Evaluates whether a model requires retraining based on drift detection, scheduled intervals, or manual triggers.

Overview

Property Value
Trigger Step Functions state machine
Runtime Python 3.11
Timeout 30 seconds
Memory 256 MB

Input Schema

{
    "model_name": "PascalStrategy",  # Required
    "force": false,                   # Optional, forces retraining
    "manual_trigger": false           # Optional, marks as manual request
}

Output Schema

{
    "model_name": "PascalStrategy",
    "decision": "needs_retraining",  # needs_retraining | recently_trained | no_retraining | invalid_model
    "trigger": "drift_detected",     # manual | drift_detected | scheduled
    "reason": "Significant drift detected (PSI=0.350)",
    "hours_since_retrain": 168.5,
    "days_since_retrain": 7,
    "drift_severity": "significant",
    "drift_psi": 0.35
}

Environment Variables

Variable Required Default Description
DYNAMODB_TABLE_NAME Yes - State repository table
DRIFT_STATE_TABLE No "tradai-drift-state" Drift state table
RETRAINING_STATE_TABLE No "tradai-retraining-state" Retraining state table
RETRAINING_INTERVAL_DAYS No 7 Days between scheduled retraining
MIN_HOURS_BETWEEN_RETRAINING No 24 Minimum hours between attempts
ALLOWED_MODELS No "" (all) Comma-separated allowlist of valid model names. When set, only listed models are accepted; others return invalid_model.
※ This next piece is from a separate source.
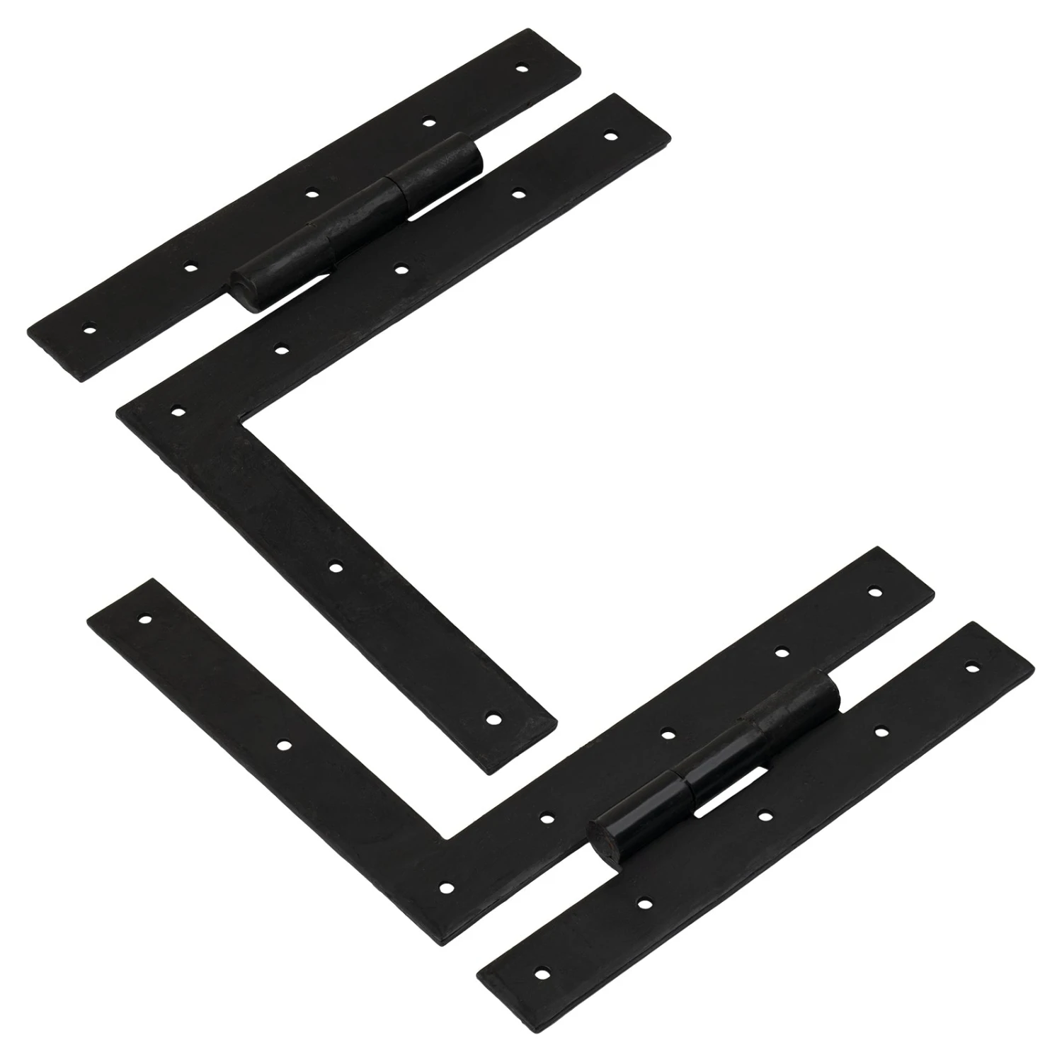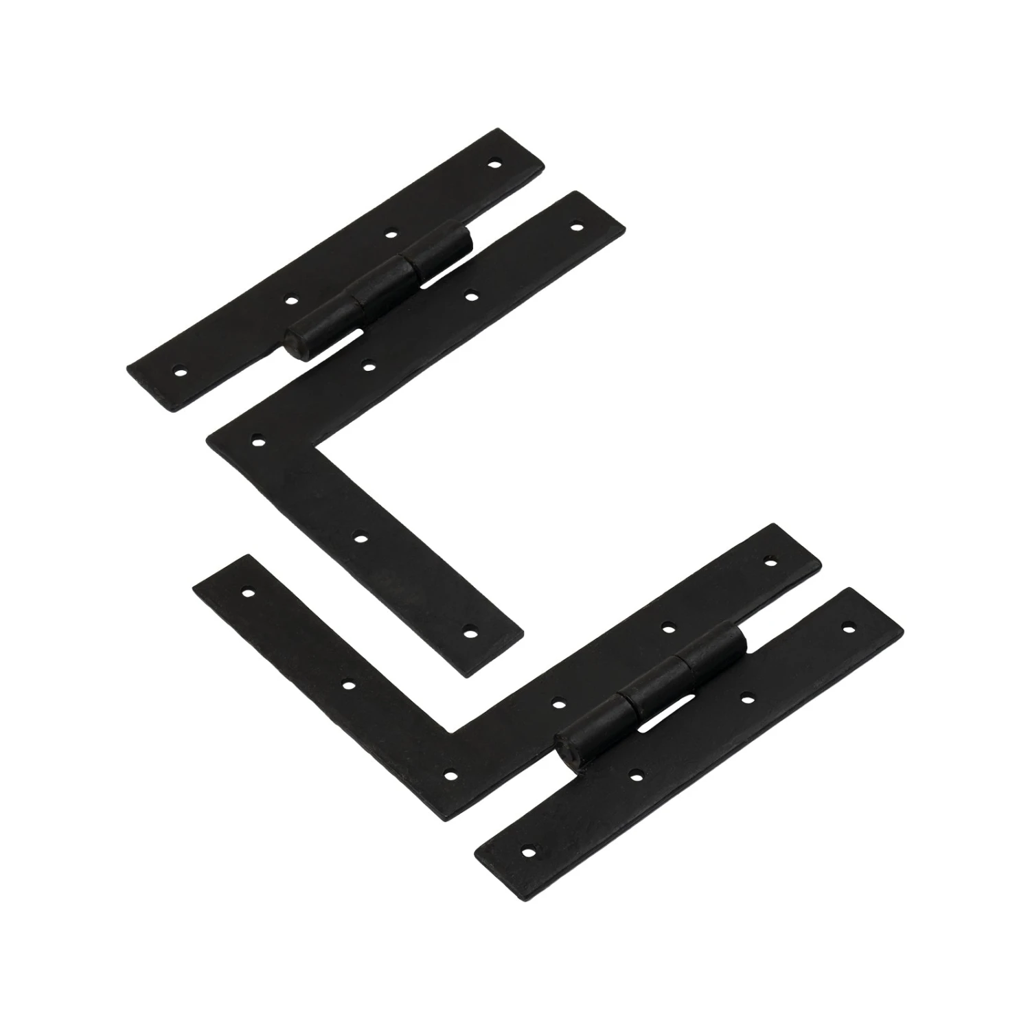 HL hinges are a traditional style of hinge ideal for ledge & brace doors, panel doors and cupboards. The L part of the hinge is designed to run parallel to the top and bottom edges of the door. An authentic period hinge hand forged from mild steel with a classic black beeswax finish. Co-ordinate with our range of Hand Forged door furniture and accessories.

Empty string permits any model that passes format validation.

Decision Logic

flowchart TD
    A[Start] --> V{model_name format valid?}
    V -->|No| X[INVALID_MODEL]
    V -->|Yes| AL{In ALLOWED_MODELS?}
    AL -->|No| X
    AL -->|Yes / allowlist empty| B{Force or manual_trigger?}
    B -->|Yes| C[NEEDS_RETRAINING: MANUAL]
    B -->|No| MH{Hours since last retrain?}
    MH -->|< min_hours| I[RECENTLY_TRAINED]
    MH -->|>= min_hours| D{Check drift state}
    D -->|Significant drift| E[NEEDS_RETRAINING: DRIFT_DETECTED]
    D -->|No drift| F{Days since last?}
    F -->|>= interval| H[NEEDS_RETRAINING: SCHEDULED]
    F -->|< interval| J[NO_RETRAINING]

Key Features

  • Input validation: rejects model_name not matching ^[A-Z][A-Za-z0-9_]{1,49}\Z (PascalCase identifier, max 50 chars, \Z blocks trailing newlines)
  • Allowlist gate: when ALLOWED_MODELS is set, rejects any model not in the list — prevents bogus strategy names from wasting Fargate compute
  • Checks drift severity against thresholds
  • Validates minimum interval between retraining attempts
  • Supports forced retraining and manual triggers
  • Returns decision rationale for audit trail

Step Functions Integration

The Lambda feeds the EvaluateRetrainingNeed Choice state, which branches on $.check_result.decision:

Decision Route
needs_retraining RunRetraining (ECS Fargate)
invalid_model HandleInvalidModelNotifyFailure
recently_trained / no_retraining SkipRetraining

See infra/compute/asl_templates/retraining_workflow.json.j2 for the full ASL definition.